«О, одиночество, как твой характер крут!»
№8 (1373), ноябрь 2020 года
Онлайн-программы Московской консерватории за прошедшие полгода принесли много художественных впечатлений. Ярких, глубоких, неожиданных… Разных. Концерт с программным названием «Сто дней одиночества», на первый взгляд отсылающий к магическому философскому роману Габриэля Гарсии Маркеса, вроде бы был о другом – это просто оригинальная программа «Студии новой музыки», состоящая из сольных произведений современных авторов, одно из которых и подарило ей свой заголовок. Но слушая и углубляясь, тебе неожиданно открывается и другой, более сокровенный и сложный смысл…
Концерт вышел в эфир 29 июня, еще в первый карантинный период (его можно послушать и сейчас на сайте Центра современной музыки МГК). Но продолжающаяся атака на человечество непонятной заразы сделала его, пожалуй, еще более актуальным сегодня. «100 дней» первой изоляции и «100 лет» Маркеса спрессовались в сознании в глобальную вневременнýю субстанцию, в которой надо научиться полноценно жить.
На великой сцене совершенно пустого Большого зала Московской консерватории выступали «одинокие» музыканты, исполняя сольные произведения. Среди авторов звучавшей музыки были известные имена: Эдисон Денисов, Кшиштоф Пендерецкий и Винсент Персикетти, Дмитрий Смирнов и Алексей Сюмак, Мишель ван дер Аа и Франческо Филидеи, Александр Вустин и Владимир Тарнопольский. Оголенное пространство большой сцены и пустого зала, непривычно гулкая акустика и одинокий голос инструмента, летящий словно в «космической бесконечности», в «вечности», создавали ощущение отъединенности всех и каждого. Его усиливало и знание того, что «иных уж нет» – среди представленных авторов трое совсем недавно один за другим ушли в мир иной (Смирнов, Вустин, Пендерецкий).

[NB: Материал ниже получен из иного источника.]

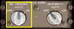 ノー・スモーキング・スイッチがオート・ポジションの場合、ランディング・ギアが完全にエクステンドすればキャビンのノー・スモーキング・サインが点灯し、リトラクトされれば消灯します。

Музыкальному звучанию предшествовало вступительное слово художественного руководителя «Студии» профессора В.Г. Тарнопольского. Но говорил он не столько «о нотах и звуках», сколько о тонких материях и каких-то скрытых смыслах предлагаемой вниманию программы. Перед лицом пустого зала, с той же «одинокой» сцены обращаясь, по его словам, «ко всему человечеству и ни к кому конкретно», он размышлял о внезапно наступившей новой эпохе, которую открыл карантин, о хрупкости нашего мира, о беззащитности культуры, о будущем, о возможностях сохраниться только в условиях человечности, которую несет с собой искусство… Разговор в ожидании музыки углублял серьезное настроение и предлагал задуматься о многом.
Программу открыло Соло для гобоя Эдисона Денисова в исполнении Анастасии Табанковой. Монолог одного из самых лирических духовых инструментов, то задумчивый, то нервный, полный экспрессии словно продолжал предшествующее словесное размышление, переводя его на более высокий, невербальный художественно-философский уровень.
В качестве второго сочинения программы, исполненного Ольгой Галочкиной, перед слушателем предстала Сюита для виолончели соло еще одного «классика» музыки ХХ века Кшиштофа Пендерецкого. Для Пендерецкого виолончель – инструмент очень личностный (он начинал свою музыкальную жизнь именно как виолончелист), универсальный, способный выразить любую идею и страстно, напористо, и тепло, романтично, словно погружаясь в себя. В прозвучавшей Сюите все это ощущалось, это был еще один полный контрастов монолог.
Звучание хрупкого гобоя и страстной виолончели сменил тромбон в Parable XVIII американского композитора Винсента Персикетти (1915–1987). Дмитрий Шаров, исполнявший произведение, представил слушателям еще одну размышляющую «личность» – глубокую и печальную. Выразительный, красивый звук тромбона был подобен человеческой речи – и там, и там господствует кантилена и пульсирует дыхание, передающее волнение. Особенно – протянутый в начале и конце сочинения как одинокий «глас вопиющего в пустыне»…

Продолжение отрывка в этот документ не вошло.